This is one of our main difficulties, since if one could just straightforwardly do that replacement, then we would have a straightforward dictionary from the Roth/Meshulam argument to a version in $\mathbb{Z}_N$ , which would presumably make it straightforward to add on the Bateman-Katz improvement.

One version of the question I would ask in response to that is a rather vague one: does the “weakness of Bourgainization” reflect a genuinely important difference between $\mathbb{F}_3^n$ and $\mathbb{Z}_N$ or does it reflect the weakness of the arguments we have so far thought of? In the rest of this comment, I’ll try to make this question more precise, though I don’t think I’ll succeed to the extent that I would ideally like.
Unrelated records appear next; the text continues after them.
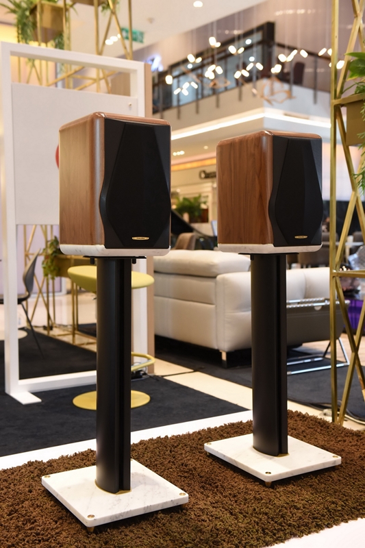 ตัวตู้ใช้วัสดุไม้วอลนัทกับหินอ่อนคาร์ราราประเทศอิตาลี แทรกด้วยเส้นทองเหลืองมัน แผงด้านหลังและแผงด้านหน้าตู้ลำโพงหุ้มด้วยหนังชั้นดี ขาตั้งเป็นอะลูมิเนียมชุบอะโนไดซ์ดำแบบพิเศษ และติดตั้งลงบนฐานหินอ่อนคาร์รารา ตอบโจทย์คนรักเสียงเพลง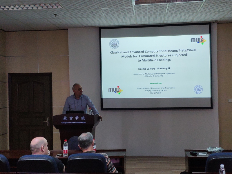 应公司航空宇航公司机械结构力学及控制国家重点实验室高存法教授的邀请,意大利都灵理工大学Erasmo Carrera教授于2019年5月26日至27日访问了公司,并于27日做了题为“Classical and Advanced Computational Beam/Plate/Shell Models for Laminated Structures subjected to Multifield Loadings”的学术报告。报告详细介绍了Carrera教授在高阶有限元计算领域的研究成果和最新进展。报告内容丰富、精彩生动,对公司相关科研工作具有借鉴作用。同时,教授还结合自己多年的研究经历,与现场听众分享了在材料力学领域的研究心得和体会。沈星教授主持了报告会。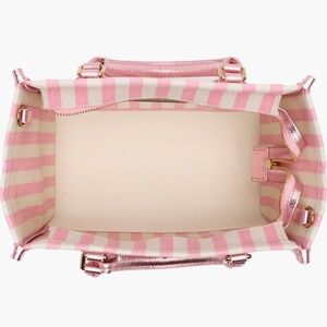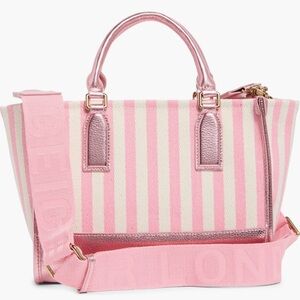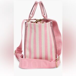 Pebbled trim elevates a softly striped canvas tote complete with rolled top handles and an adjustable crossbody strap.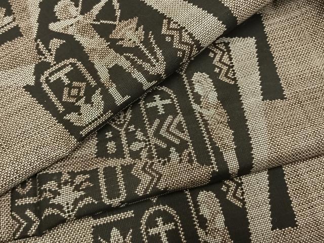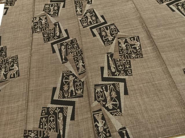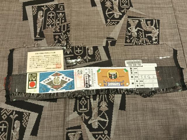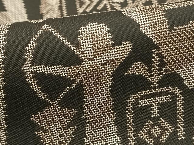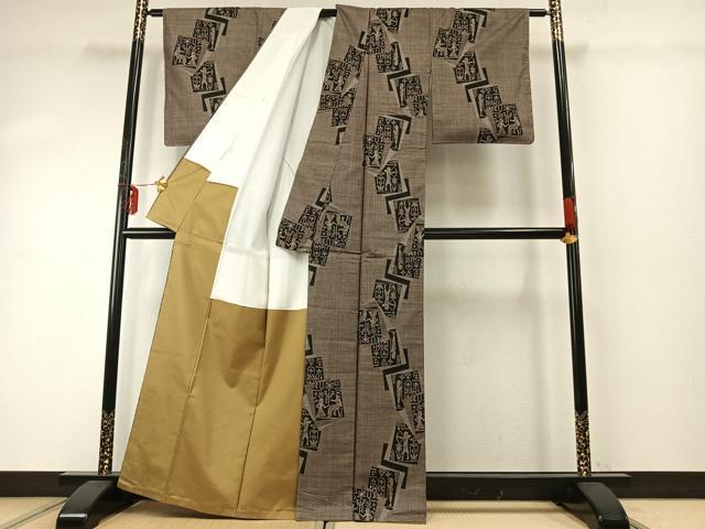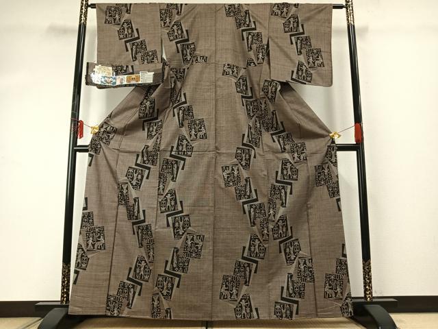 Heiwaya Kimono: Authentic Oshima Tsumugi, Katasu 9 Mark, Mud-Dyed, Handwoven, Layered Figure Design on Shikishi Paper, by Shinobu Shigeta, Certificate of Authenticity, Pure Silk, Excellent Condition, Unused, AABE5434fy

First of all, there obviously is a genuine difference between $\mathbb{F}_3^n$ and $\mathbb{Z}_N,$ which is that $\mathbb{F}_3^n$ has lots of subgroups/subspaces and $\mathbb{Z}_N$ doesn’t. Since I’m perfectly well aware of that, my task is to explain what I mean by this difference being important or not.

As a first attempt at that, let me give a sense in which the difference might seem more important than it actually is. One nice feature of subspaces of $\mathbb{F}_3^n$ is that they allow one to define averaging projections: given a subspace $V$ and a function $f$ defined on $\mathbb{F}_3^n$ we define $\pi_Vf$ by the formula $\pi_Vf(x)=\mathbb{E}_{v\in V}f(x+v),$ which replaces the value at $x$ by the average over the coset $x+V.$ If $B$ is a Bohr set, we can’t do this: it is not in general possible to partition $\mathbb{Z}_N$ by translates of $B,$ and even if one could, one would have to choose some translates and not others, a choice one does not have to make with subspaces. Nevertheless, there is a useful analogue of averaging projections, which is convolving with characteristic measures. That is, we define $\pi_Bf$ by the formula $\pi_Bf(x)=f*\mu_B(x)=\mathbb{E}_{y\in B}f(x+y).$ (The last equality relied on the fact that $B=-B.$ ) Note that we can define the averaging projection as $\pi_V=f*\mu_V,$ so this is a direct generalization.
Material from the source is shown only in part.